▸ **About this exercise**
Print the lines from the one containing "is a sequence" through the end of the listing below, exactly as written. Any pictures stay out.

++++ Collected data

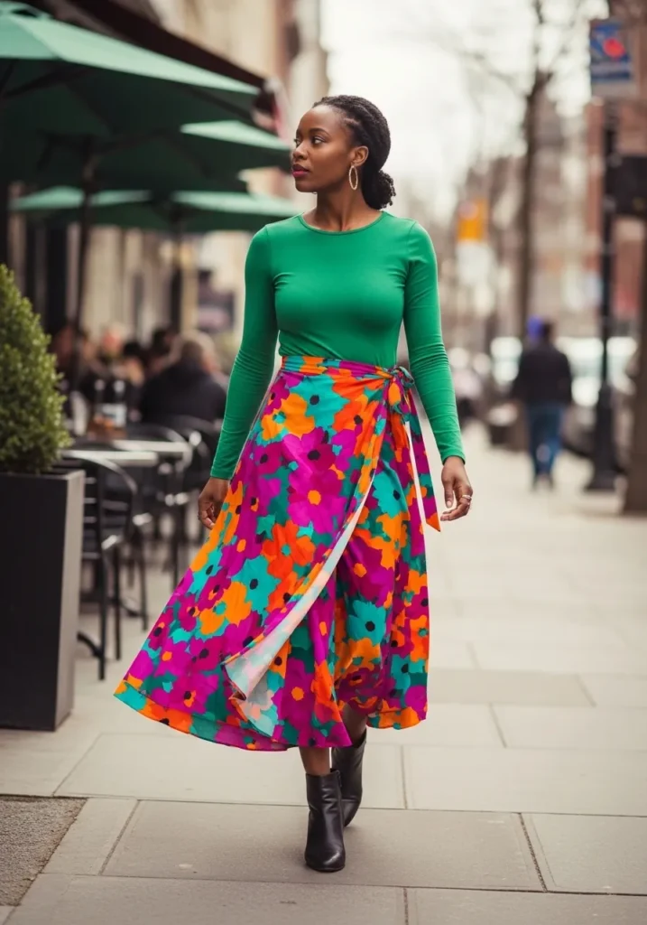 A bold floral midi skirt full of bright colors is paired with a fitted green top that hugs the body nicely. The skirt brings energy and movement while the top keeps the look balanced. Simple shoes let the skirt stay center stage.
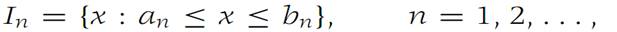 is a sequence of closed intervals such that In+1 ⊂ In for each n .If limn→∞ (bn−an) = 0, then there is one and only one number x0 that is in every In.
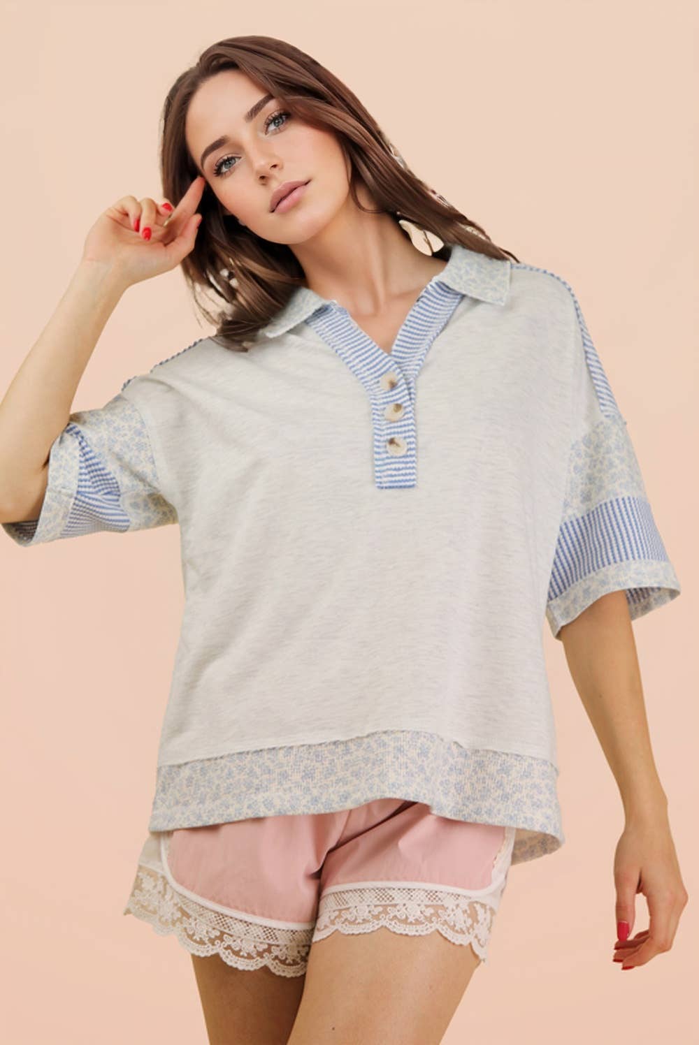 MCT7688-Top ample rayé à manches courtes et encolure ras-du-cou en vente B2B

++++++++

▸ **Exercise answer**
 is a sequence of closed intervals such that In+1 ⊂ In for each n .If limn→∞ (bn−an) = 0, then there is one and only one number x0 that is in every In.
 MCT7688-Top ample rayé à manches courtes et encolure ras-du-cou en vente B2B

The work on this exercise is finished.